Drop audience/<name>.mjs exporting audience (and a PALETTE if you want to deviate from fia's). Required shape:

export const audience = {
  name: "<name>",
  handle: "<optional handle for the corner bug>",
  voice: { provider: "jeffrey", voice: "neutral:0" },
  narration: "<verbatim text POSTed to /api/say>",
  segments: [
    { name: "01_title",  marker: "<phrase from narration>" },
    { name: "02_topic1", marker: "<phrase from narration>" },
    // ...
    { name: "10_end",    marker: "__END__", trailingSilenceSec: 3 },
  ],
  slides: { "01_title": "<html body>", /* ...one per segment */ },
};

Then ./pipeline.fish <name>.

Files#

File Role
audience/fia.mjs narration, markers, slide HTML/queries, palette, fixes
audience/general.mjs 48-hour public-facing recap (HTML slides, no jeffrey-photos)
audience/jeffrey-24h.mjs 24-hour jeffrey-as-protagonist recap (full-bleed photos)
bin/tts.mjs POST narration → /api/sayout/recap.mp3
bin/transcribe.mjs whisper-cliout/words.json
bin/align.mjs match markers in transcript → out/segments.json
bin/jeffrey-photos.mjs gpt-image-2 + platter refs → out/jeffrey-photos/<seg>.png
bin/scout.mjs resolve per-slide content queries → out/assets.json
bin/slides.mjs puppeteer-render slide PNGs (consume assets) + concat.txt
bin/subtitles.mjs chunk words into pills (apply transcriptFixes) → subs.json
bin/build-filter.mjs emit ffmpeg filter graph for compose (one overlay per sub)
bin/compose.fish ffmpeg compose final mp4
pipeline.fish runs all seven stages
models/ggml-base.en.bin whisper model (gitignored, downloaded on first run)
out/ all generated artifacts (gitignored)

Dependencies#

  • whisper-cli (homebrew whisper-cpp)
  • ffmpeg with libx264, aac, showwaves, drawbox, apad, movie, overlay (homebrew default)
  • pdftoppm (homebrew poppler) for PDF → PNG in scout
  • node (uses oven/node_modules/puppeteer to avoid extra installs)
  • Google Chrome at /Applications/Google Chrome.app (puppeteer driver)
  • Network access to aesthetic.computer/api/say (jeffrey-pvc TTS)
  • OPENAI_API_KEY (for jeffrey-photos.mjs; read from env or aesthetic-computer-vault/.devcontainer/envs/devcontainer.env); only required for audiences that declare per-slide metaphor prompts.

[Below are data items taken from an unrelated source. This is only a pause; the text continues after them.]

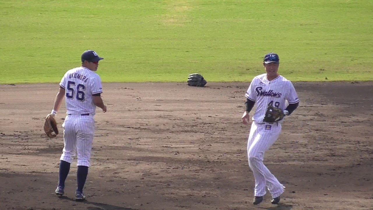 山田哲人#1、西浦直亨#3、武内晋一#8、荒49木貴裕#24、廣岡大志#36、谷内亮太#46、渡邉大樹#49、藤井亮太#51、奥村展征#58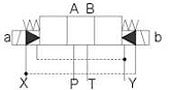 При электрогидравлическом управлении в качестве управляющего золотника используется 4WE6 J (34 сх) для трехпозиционных распределителей, 4WE6 D (574 сх) для двухпозиционных (кроме схем с двухсторонним управлением).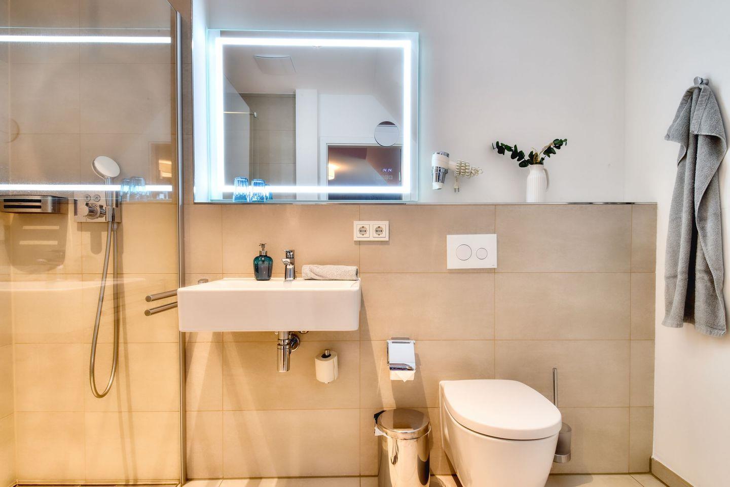 Badezimmer: Das moderne Badezimmer verfügt über eine Dusche, ein Waschbecken und eine Toilette. Handtücher und grundlegende Toilettenartikel sind für Sie bereitgestellt.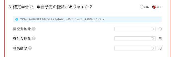 また「3. 確定申告で、申告予定の控除がありますか?」の項目で「あり」を選ぶと、医療費控除やふるさと納税以外の寄付金控除などが入力できる欄が表示されます。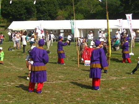 石舞台の広場で、蹴鞠の体験をやってました。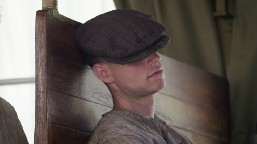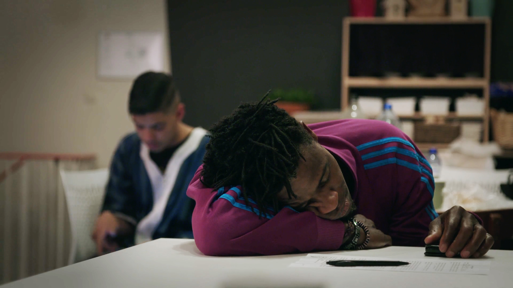 telefoon kijken. We horen regisseurs aanwijzingen roepen en zien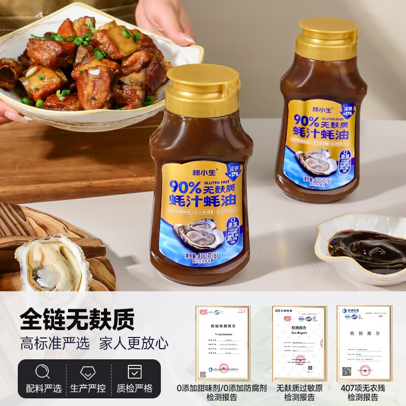 林小生无麸质蚝油90%蚝汁400g挤挤瓶0添加防腐剂增香桥本宝宝瓶装

Jeffrey photos (optional per-audience)#

An audience can opt into full-bleed gpt-image-2 photos by adding a metaphor field to each content slide and a queries.photo: { glob: ... } that points to recap/out/jeffrey-photos/<segment>.png. bin/jeffrey-photos.mjs reads the metaphor strings, calls images.edit with gpt-image-2 and the platter SHOOT_REFS + SELFIE_REFS for identity grounding, and writes one PNG per segment.

# regen all photos for an audience
node bin/jeffrey-photos.mjs jeffrey-24h --force

# regen one segment only
node bin/jeffrey-photos.mjs jeffrey-24h --only 04_platter --force

Cost ~$0.30 per high-quality 1024x1536 generation; ~$2-4 per full recap. Failures are soft — slides fall back to a dark ${PALETTE.bg} placeholder when the photo glob matches nothing, so the pipeline still produces a runnable mp4.